---- AVAILABLE DATA
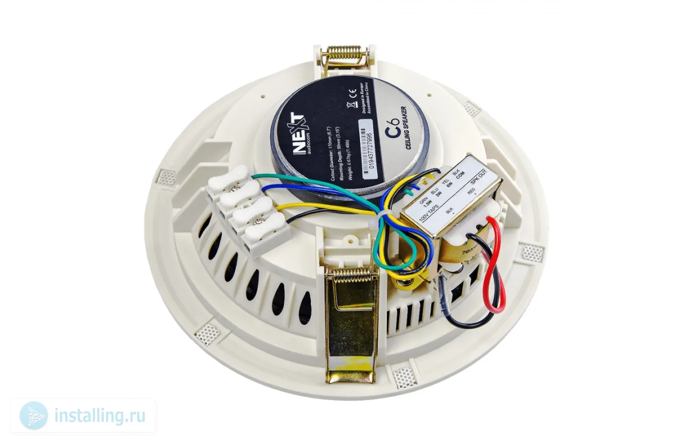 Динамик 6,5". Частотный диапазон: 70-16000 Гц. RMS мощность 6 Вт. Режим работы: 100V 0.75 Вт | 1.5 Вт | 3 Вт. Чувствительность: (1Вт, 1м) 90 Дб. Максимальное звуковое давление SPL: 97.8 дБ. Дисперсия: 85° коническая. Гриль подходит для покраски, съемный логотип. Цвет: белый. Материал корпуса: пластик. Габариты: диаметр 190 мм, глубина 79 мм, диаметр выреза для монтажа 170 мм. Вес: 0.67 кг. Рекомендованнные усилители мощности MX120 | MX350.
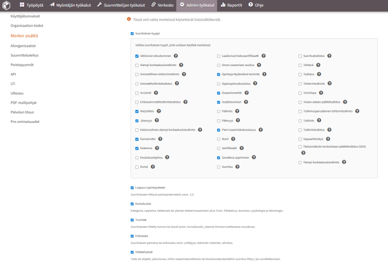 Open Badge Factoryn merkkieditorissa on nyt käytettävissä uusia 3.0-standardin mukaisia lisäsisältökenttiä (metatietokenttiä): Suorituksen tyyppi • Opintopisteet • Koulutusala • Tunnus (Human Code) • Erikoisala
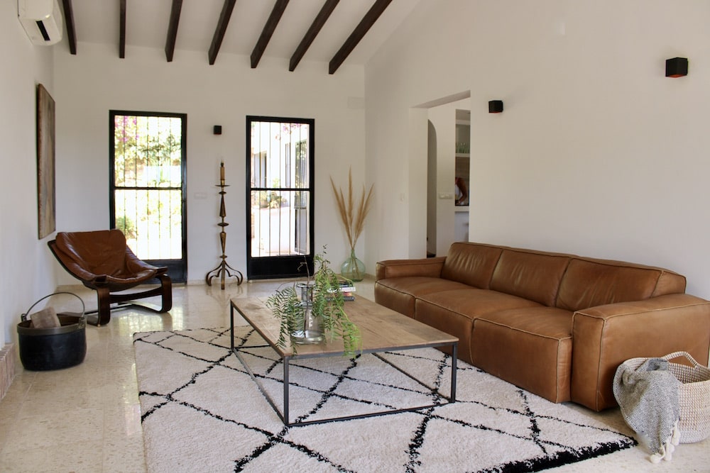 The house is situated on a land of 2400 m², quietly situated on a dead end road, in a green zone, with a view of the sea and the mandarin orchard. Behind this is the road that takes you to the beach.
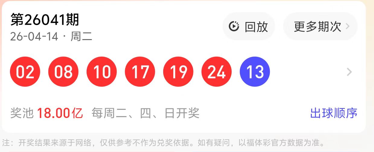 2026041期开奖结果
--------
Please repeat the data verbatim and leave the pictures out of your copy.

 Динамик 6,5". Частотный диапазон: 70-16000 Гц. RMS мощность 6 Вт. Режим работы: 100V 0.75 Вт | 1.5 Вт | 3 Вт. Чувствительность: (1Вт, 1м) 90 Дб. Максимальное звуковое давление SPL: 97.8 дБ. Дисперсия: 85° коническая. Гриль подходит для покраски, съемный логотип. Цвет: белый. Материал корпуса: пластик. Габариты: диаметр 190 мм, глубина 79 мм, диаметр выреза для монтажа 170 мм. Вес: 0.67 кг. Рекомендованнные усилители мощности MX120 | MX350.
 Open Badge Factoryn merkkieditorissa on nyt käytettävissä uusia 3.0-standardin mukaisia lisäsisältökenttiä (metatietokenttiä): Suorituksen tyyppi • Opintopisteet • Koulutusala • Tunnus (Human Code) • Erikoisala
 The house is situated on a land of 2400 m², quietly situated on a dead end road, in a green zone, with a view of the sea and the mandarin orchard. Behind this is the road that takes you to the beach.
 2026041期开奖结果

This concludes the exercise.